リーダーの伴走者は「総力戦で社会課題に挑みたい」~航海(20) (2/3ページ)

小原聖誉
小原聖誉

 そうだったのですね。なにが転機になったのですか?

 「とにかくお客様に喜ばれる商品を作ろう、というポイントだけは何よりも強くイメージしていました。それまでの失敗からも学び、当たり前のことかもしれませんが、それだけは絶対に成し遂げようと全員で決めていました。インターネット広告市場はまだまだ伸びしろがある市場でしたが、当時はまだインプレッション保証やクリック保証などのメニューが普通に販売される時代でした。一方で成果に注目した、成果報酬型の広告サービスはまだ多くなかった。その軸で考えた際に、成果報酬型メディアの構想を具体化し、スピーディーに立ち上げたところ手応えがある結果がついてきたのです」

 転職EXですね。

 「はい。まずその事業でしっかりとヒットを出し、そのビジネスモデルを他の領域にもうまく適用させて広げながら収益は右肩上がりになって行きました」

 順調ですね!

 「もちろんそんな簡単ではなかったのですが(笑)。そして会社名を“じげん”とし、MBO(マネジメントバイアウト。経営陣による買収)を行い、その後も成長をして参りました」

 取締役になられるのは子会社入社して何年目くらいだったのですか?

 「入社して6年目だったと思います」

 すごいスピードですね!

 「自分はもともと肩書きを欲しいと思ったことはなかったのですが、自分が事業責任者として経営に関与している会社という意識が上がるにつれて、マネージャーであることに歯痒さを感じ始めました。創業期のほぼゼロからこの会社の土台を自分で作ってきたからこそ、これからも誰よりもその成長を牽引していきたいと考えるようなりました。誰よりもその想いが強い自負もありましたので、自分から社長に対してどうしたら役員になれるのか?何が足りないのか?と問うこともありました。そして同時にたとえ肩書きがなくとも、自分が誰よりも会社を率いていきたいという自負と想いを明確に持ち続けて仕事に取り組もうと決意して推し進めた結果、取締役という役割を任せて頂くことができました」

 そしていよいよ上場ですね。上場は一つの区切りであるとは思うのですがそこに向けてどのように取り組まれていたのでしょうか。

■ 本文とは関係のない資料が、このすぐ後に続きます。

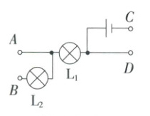 4. 如图,A、B、C、D 是四个接线柱,要使灯$ L_1、$$L_2$串联,应把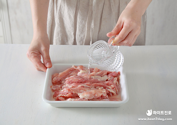 1. 닭목살은 소주에 30분 정도 담가 누린내를 제거합니다.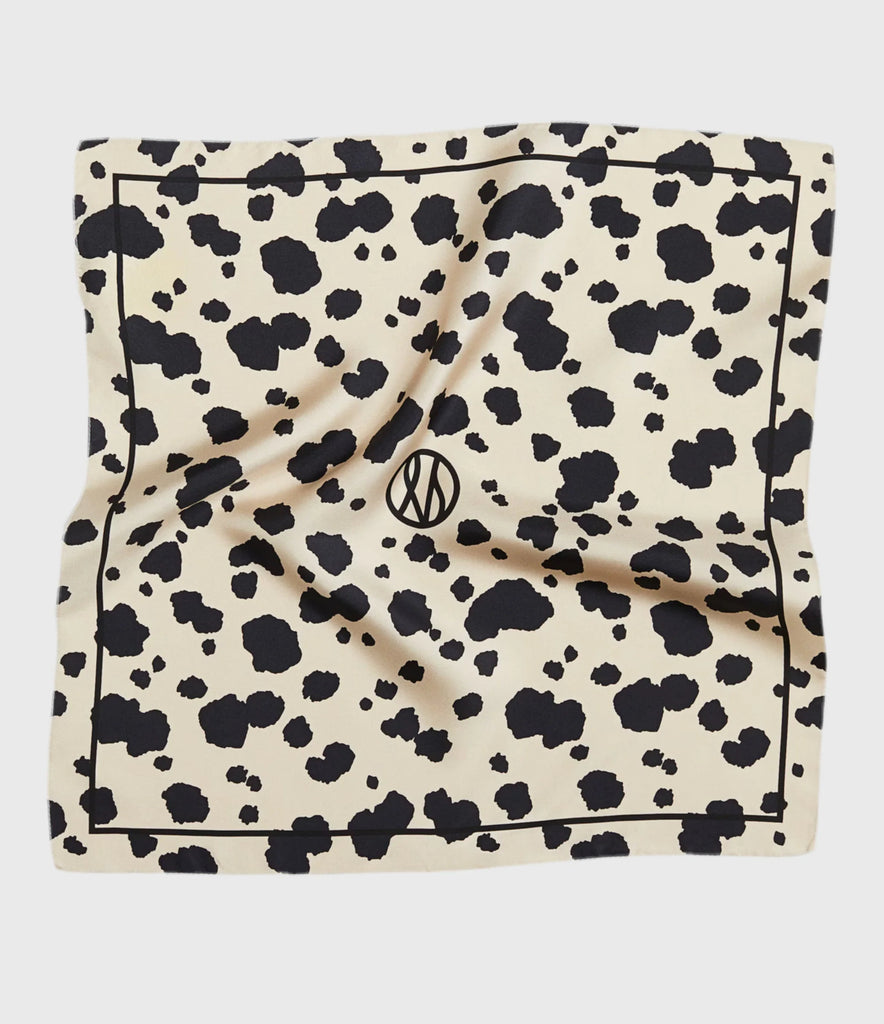 A playful yet polished addition to your accessories collection. The dalmatian Silk Scarf features a bold sand-and-black spotted print, crafted from 100% silk for a smooth, lightweight finish. Perfect for tying around the neck, styling in the hair, or adding a chic accent to your handbag.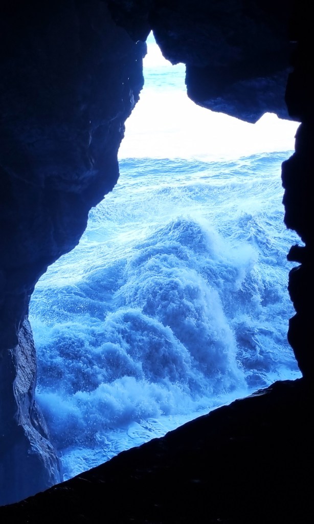 We went beyond the Magic Tea House and into the pedestrian tunnel through the cliffs, known as Tunel das Pocas do Gomes, which echoes to the sound of waves smashing against the rock.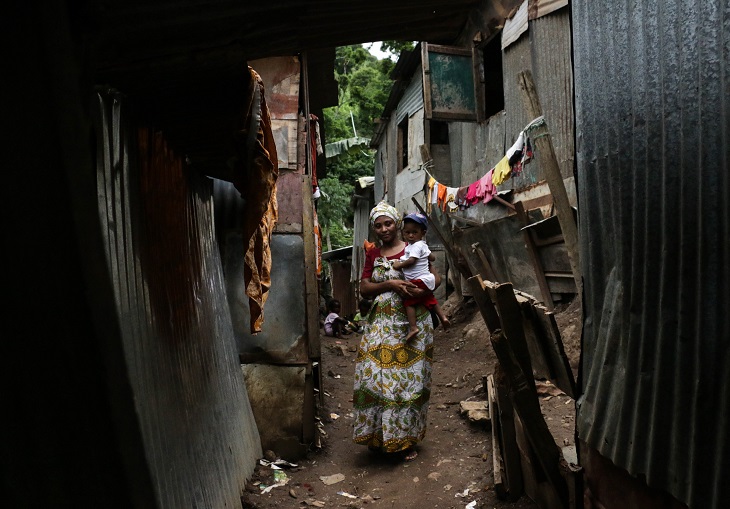 Une femme marche dans les ruelles étriquées du bidonville de Kawéni, son enfant dans les bras. / Crédits : Axel Roux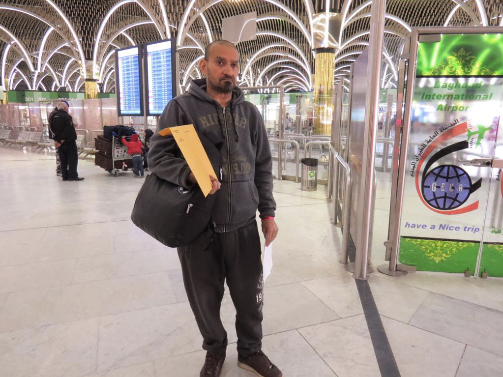 Support WBURIraqi Has Returned To U.S. After ICE Deported Him Against Court OrdersJane ArrafJanuary 31, 2019 ShareMuneer Subaihani at the airport in Baghdad on Tuesday, waiting to board the first of his flights back to the United States. (Ahmed Qusay for NPR)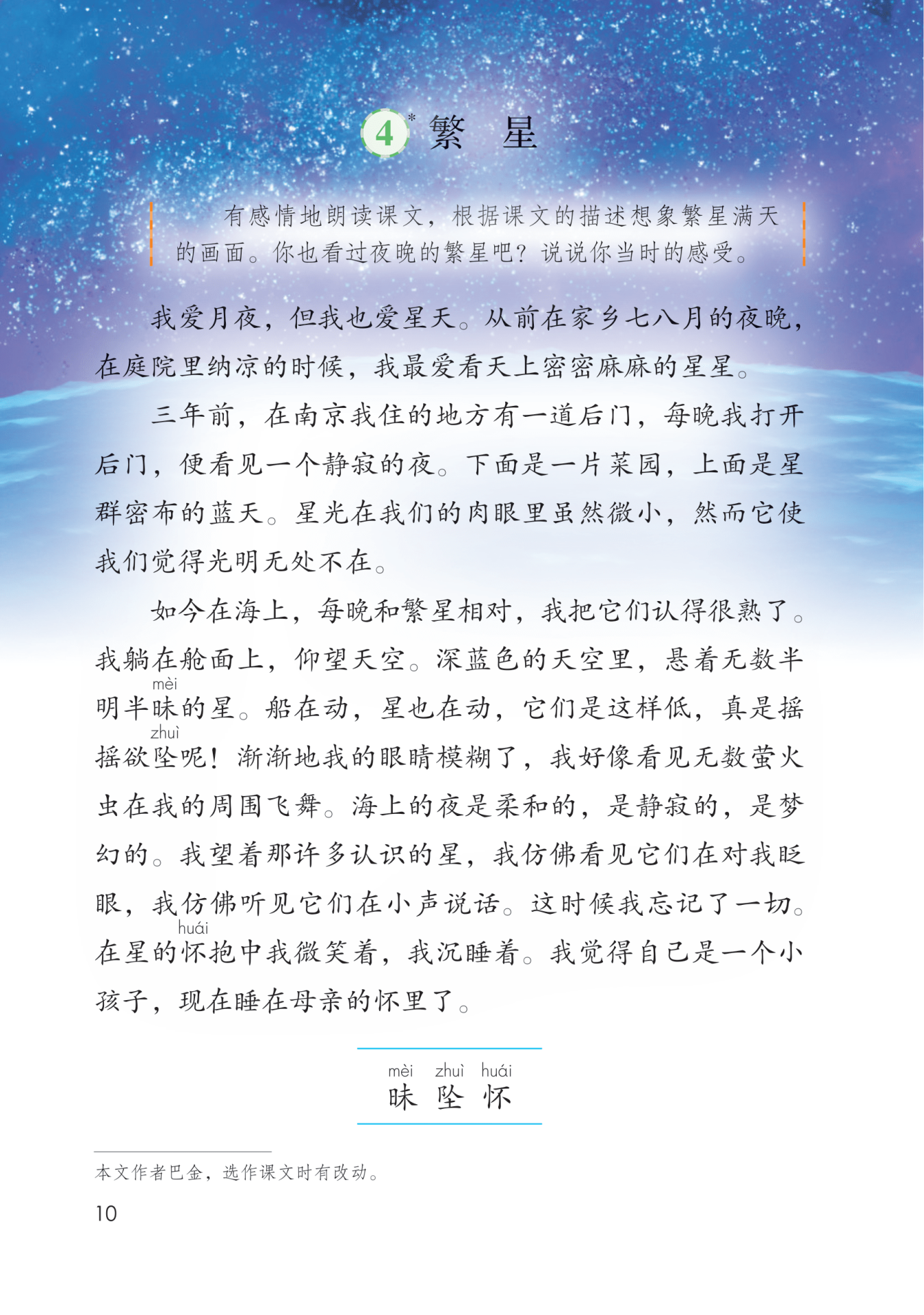 “每晚”一词表现了作者对繁星的喜爱程度之深,通过“静寂的夜”“一片菜园”“星群密布的蓝天”描写了作者观看星天时宁静的环境。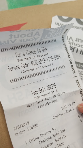 I pretty much expect my order to get fd up when I go here (I continue because my wife loves Taco Bell). Last experience: This Taco Bell has hit bottom. Ive gotten accustomed with my orders missing toppings, heck I even expect it now. But this last visit was the worst! Not only for Taco Bell but probably the worst visit to any restaurant Ive ever been to! Spicy Tostada (had chipotle sauce, and corn tortilla was *very* stale*, couldnt eat this) -no chipotle sauce Queasalupa Beef (no cheese in tortilla, "you had me at cheese", more like "ive been had", 1st and last time to try it) 7 Layer Burrito (mostly beans which were dry and very dark, probably several days old) - no latin rice Cantina Power Burrito (*DISGUSTING* & inedible, mostly mayonnaise & limp, soggy, lettuce, a little cheese & chicken, no black beans, no guacamole, no pico de gallo, very disappointed since it was $4 & I was really looking forward to trying it) Receipt barely readable, thats why I gave no Survey Code. Now your website is telling me 3 minutes left or I have to start over... Im only at 37% finished!!!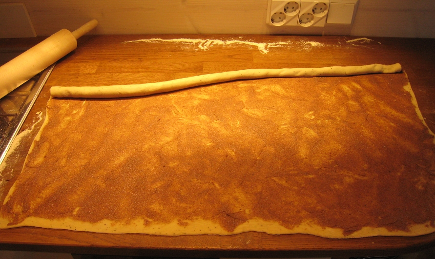 Mix the hand warm milk with the sugar, salt, cardamom and yeast. Whisk in 2-3 dl flour, beating it well to get air into the dough. Add up to 1 litre of the flour little by little, beating and then kneading well. Then add the softened butter, continuing to knead until the dough starts to come off the edges of the bowl. Add flour until you have a soft dough with good viscosity. Leave it to rise to double it’s size, covered, in a warm place. Then knead it again to get rid of air bubbles. With a rolling pin roll out half of the dough into a rectangle, as thin as you can. Mix together the ingredients for the filling and spread on half of it evenly. Roll from the long side and leave the edge underneath. Cut the roll diagonally in a zigzag to form buns. Turn the pieces over onto their longer edge and press a little in the middle. Leave to rise for half an hour, then glaze with beaten egg before baking at 220 C for 10-15 minutes. I usually get about 24 rolls out of this amount. You can also roll the pastry out into a narrower strip and make smaller buns.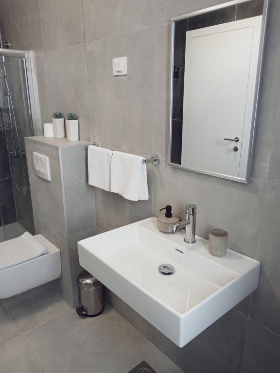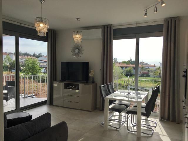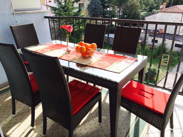 Apartamenty Mirella 4 znajdują się w nowo wybudowanej rezydencji Lavender z widokiem na morze i pięknym widokiem na zachód słońca. Do morza i pięknej piaszczystej plaży jest tylko 150m. Sklepy, piekarnia i restauracje w odległości 200m. Do centrum Umag 3 km. Wzdłuż morza znajduje się promenada aż do centrum Umag, a istnieje możliwość transportu pociągiem turystycznym. Apartamenty są klimatyzowane i w pełni wyposażone we wszystkie urządzenia. Łazienka z prysznicem z masażem, pralką, suszarką do włosów, żelazkiem. Kuchnia ze zmywarką, mikrofalówką, ekspresem do kawy, czajnikiem, dużą lodówką z zamrażarką i wszystkim innym, aby goście czuli się jak w domu. Dostępny jest bezpłatny dostęp do Internetu i parking strzeżony. Cena obejmuje korzystanie z basenu, leżaków, prysznica, dwumiejscowego, stołu i krzeseł w zadaszonej części tarasu przy basenie. Dziękujemy za wybór apartamentów Mirella, mam nadzieję, że w zamian spełnimy Państwa życzenia podczas pobytu w naszych apartamentach. Naszym celem jest Twoja satysfakcja i rekomendacja. Drodzy goście, witamy w Apartments Mirella!

 「入社して7年目にマザーズに上場しましたが、上場は当然のプロセスであると認識しておりました。当然IPOに向けて必要な準備プロセスはありますが、そこに向けて何かをしていたというよりかは当然の通過点として認識しておりました。むしろそこがスタート地点であるくらいのイメージで自然と取り組めていたと思います」

 その時のお気持ちは?

 「証券取引所の電光掲示板で流れる社名を見たり鐘を鳴らしたらもっと嬉しいものかと思っていたのですが、不思議なくらい嬉しいという感情はなかったんですよ。むしろここからがスタートだぞ、と身が引き締まる想いでした。“上場企業として、公器として、益々結果を出さなくてはならない”というスイッチが入った瞬間でもありました」

 want toからhave toとなることでの挫折

  ここまではジェットコースターのようなビジネス人生でしたがその後どうなりましたか?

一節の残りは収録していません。